3 essential staff roles to grow adult and professional education revenue

Expert Insight

3 essential staff roles to grow adult and professional education revenue

Adult and professional education leaders typically face daunting growth goals, often with limited resources. Determining where to invest those limited resources becomes a high-stakes decision, because one role funded means another is not.

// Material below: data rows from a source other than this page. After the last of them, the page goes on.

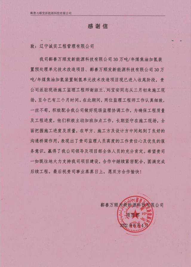 6月6日,公司新疆鄯善項(xiàng)目部收到業(yè)主單位的表揚(yáng)信。信中,業(yè)主言真意切地對我公司監(jiān)理人員在項(xiàng)目開展期間勤勉盡責(zé)的工作精神給予了高度的贊譽(yù)和充分的認(rèn)可。業(yè)主的表揚(yáng)是對公司綜合實(shí)力、服務(wù)質(zhì)量、技術(shù)水平的又一次肯定,誠實(shí)人必將以此為動(dòng)力,在嚴(yán)守安全底線、嚴(yán)把工程質(zhì)量大關(guān)的道路上砥礪前行!
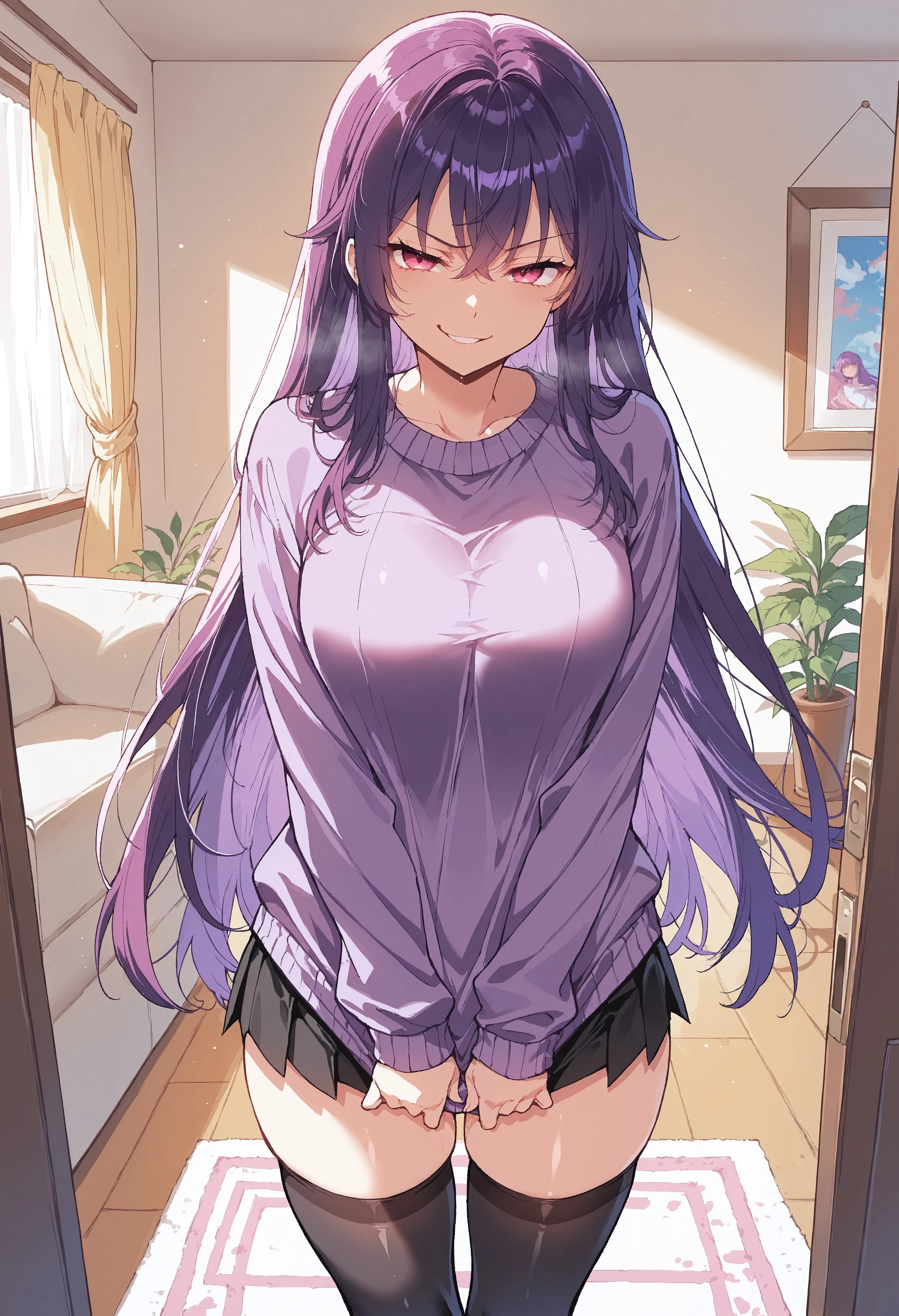 School outfit : Yuri Kawana, purple hair, long hair, pink eyes, medium breast, purple jacket, purple skirt, pink ribbon, white shirt, black thighhighs, black loafer,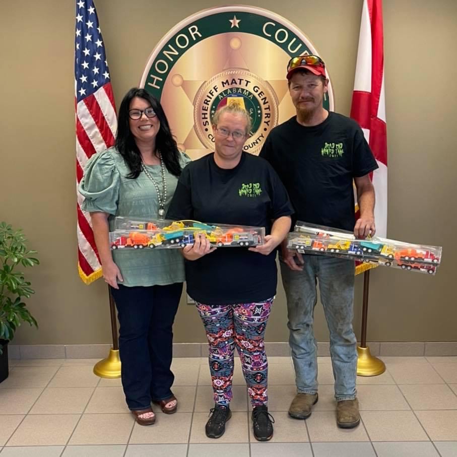 According to the CCSO, Angelia Selvage runs the entertainment venture Dead End Haunted Trail during the Halloween season, and the proceeds go to help pay for the toys. They have given these donations to the Sheriff’s Office for the past five to six years. This year they brought a trailer full of toys.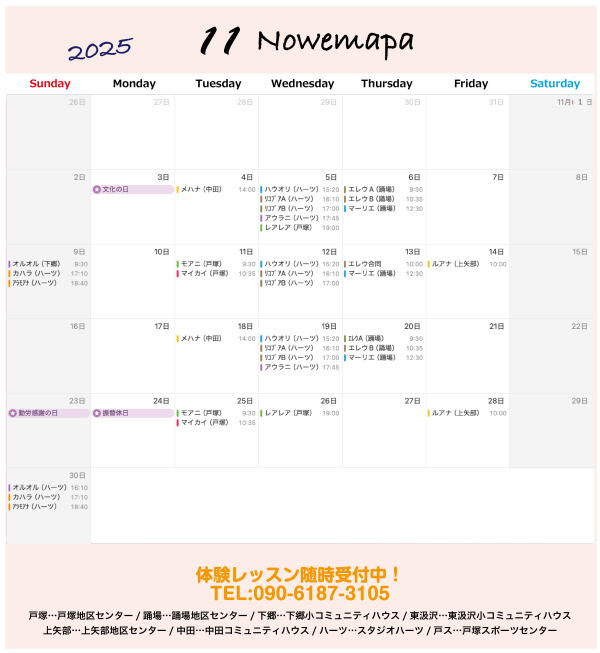 | カハラ 日曜 17:10-18:40 月2回(計180分)お月謝4,500円[税込] |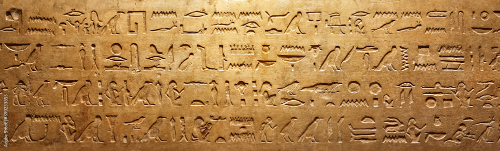 Old Egyptian hieroglyphs on an ancient background. Wide historical and culture background. Ancient Egyptian hieroglyphs as a symbol of the history of the Earth.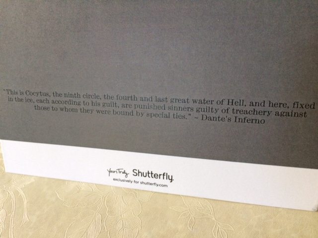 Driving Corley’s point home even further? A quotation on the back of the card from Dante’s Inferno describing the frozen lake of Cocytus – the ninth circle of hell.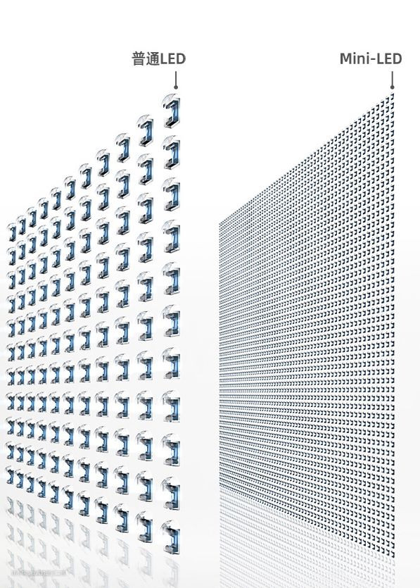 Mini LED作为发展Micro LED的过渡技术,目前已经相对成熟,相比传统LED电视来说优势还是很明显,和OLED相比也各有优势。技术上与目前小间距LED显示技术相似,但显示功能上实现了小间距LED功能拓展,控光效果更好(当然功耗也上去了,对硬件堆料和软件条件的要求也更高)。同时成本上来说也比OLED低很多,简单来说,Mini LED电视是画质介于普通电视和OLED电视中间,目前来说是个不错的选择。一年多时间,Mini LED迅猛的销售势头已经影响到OLED产品线,未来一年OLED和Mini LED的竞争应该会更加激烈。

Our dataset of 230+ institutions allows us to identify what staffing decisions best correlate to professional and adult education unit revenue growth. Units that invest in financial analysis, project management, and employer partnership staff experience the greatest revenue success. Executing on growth strategies, such as launching revenue-positive new programs or developing rewarding industry relationships, requires dedicated effort that staff cannot sustain ad hoc. As professional and adult efforts grow, these responsibilities must receive assigned attention, rather than relying on occasional staff capacity.

Financial Analysis

Finance and budget expertise has been a sought-after competency in COE units, especially as program launch has become higher stakes. Financial analysts partner with faculty to project new program costs, and at progressive institutions develop tools to support new program analysis at scale (e.g., self-service program cost projection workbook). Financial analysts are particularly valuable in anticipating the impact of indirect costs, like student services, as well as providing context to market demand data.

21%

of COE units employ full-time project managers to support faculty in new program development

Project Management

COE executives increasingly face the dual challenges of ambitious program launch goals as well as engaging late adopter faculty, who require more intentional, high-touch support to develop programs. Project managers assist with curriculum mapping, business plans, pricing, and instructional design coordination. 21% of COE units employ full-time project managers to support faculty in new program development. A further 15% of COE units maintain staff members who provide part-time project management support for program launch. Even in decentralized efforts, COE unit oversight for program demand validation has consistently correlated to high-revenue organizations (e.g., $40M+ revenue).

62%

of COE units actively manage outreach efforts to companies, government organizations, and NGOs for partnership opportunities

Employer Partnerships

COE units with dedicated staff pursuing employer relationships generate more revenue from tuition reimbursement arrangements and contract education opportunities. 62% of COE units actively manage outreach efforts to companies, government organizations, and NGOs for partnership opportunities, though the extent of this outreach varies considerably by institution. Some COE units invest in staff specifically dedicated to managing these relationships, while others include this responsibility within other staff roles. Since partnerships largely rely on developing relationships with key contacts, unsurprisingly institutions that invest in B2B staff typically earn more revenue from both tuition reimbursement and contract education.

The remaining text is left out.